## Provided material
★ ★ ★ ★ ★ ★ ★

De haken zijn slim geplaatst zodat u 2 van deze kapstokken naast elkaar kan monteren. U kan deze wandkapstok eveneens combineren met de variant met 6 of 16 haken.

★ ★ ★ ★ ★ ★ ★

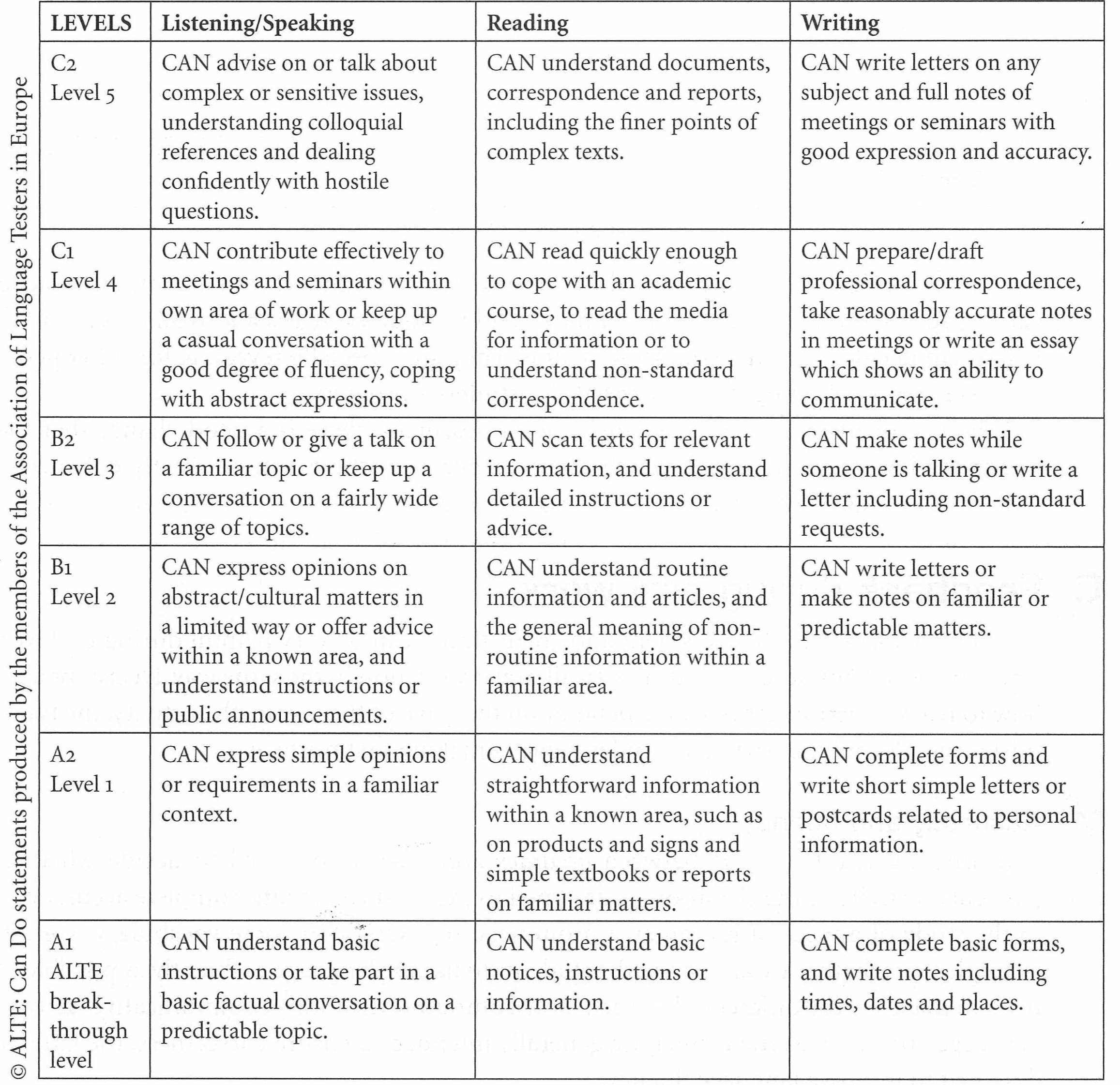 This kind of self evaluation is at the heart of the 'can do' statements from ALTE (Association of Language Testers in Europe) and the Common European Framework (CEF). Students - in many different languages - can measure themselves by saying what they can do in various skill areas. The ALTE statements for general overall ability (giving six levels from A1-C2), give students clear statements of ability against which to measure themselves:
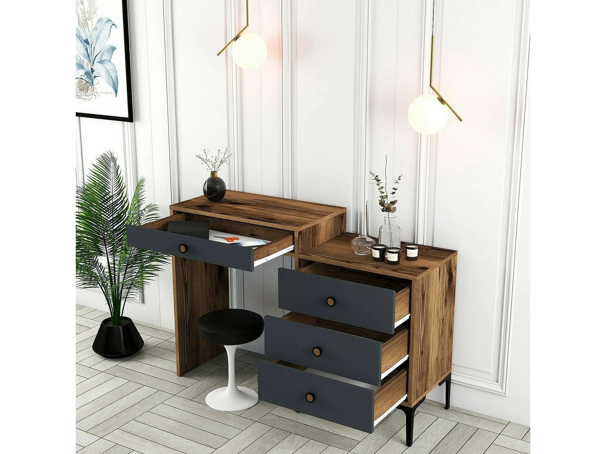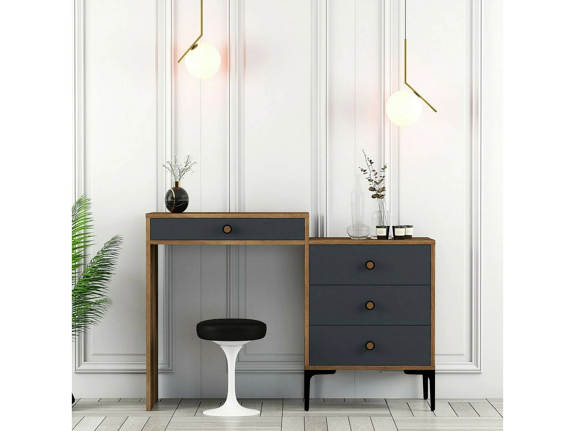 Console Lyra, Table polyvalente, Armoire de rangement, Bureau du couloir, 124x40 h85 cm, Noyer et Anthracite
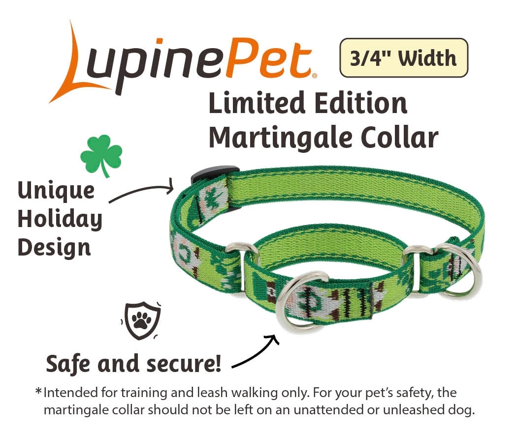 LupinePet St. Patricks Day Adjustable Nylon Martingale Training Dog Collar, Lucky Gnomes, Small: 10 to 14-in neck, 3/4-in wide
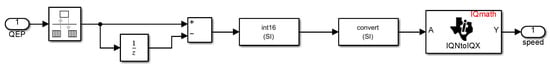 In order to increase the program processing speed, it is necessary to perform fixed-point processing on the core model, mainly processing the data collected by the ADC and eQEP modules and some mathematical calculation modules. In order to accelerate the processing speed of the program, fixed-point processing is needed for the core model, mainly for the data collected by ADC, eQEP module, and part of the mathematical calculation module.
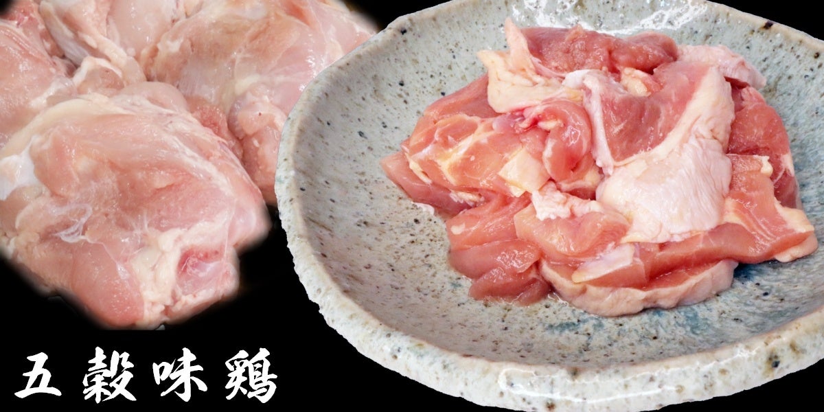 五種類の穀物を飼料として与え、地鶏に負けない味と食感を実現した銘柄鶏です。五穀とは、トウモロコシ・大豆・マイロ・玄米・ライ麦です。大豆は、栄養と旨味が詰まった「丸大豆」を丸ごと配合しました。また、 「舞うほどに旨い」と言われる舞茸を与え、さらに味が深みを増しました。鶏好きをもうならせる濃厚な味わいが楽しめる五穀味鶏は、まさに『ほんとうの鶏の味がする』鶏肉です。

★ ★ ★ ★ ★ ★ ★

## What you have to do
Everything from the line with "In order to increase" through the line with "五種類の穀物を飼料として与え" in the material above should be transcribed exactly, except the pictures.

## Written solution
 In order to increase the program processing speed, it is necessary to perform fixed-point processing on the core model, mainly processing the data collected by the ADC and eQEP modules and some mathematical calculation modules. In order to accelerate the processing speed of the program, fixed-point processing is needed for the core model, mainly for the data collected by ADC, eQEP module, and part of the mathematical calculation module.
 五種類の穀物を飼料として与え、地鶏に負けない味と食感を実現した銘柄鶏です。五穀とは、トウモロコシ・大豆・マイロ・玄米・ライ麦です。大豆は、栄養と旨味が詰まった「丸大豆」を丸ごと配合しました。また、 「舞うほどに旨い」と言われる舞茸を与え、さらに味が深みを増しました。鶏好きをもうならせる濃厚な味わいが楽しめる五穀味鶏は、まさに『ほんとうの鶏の味がする』鶏肉です。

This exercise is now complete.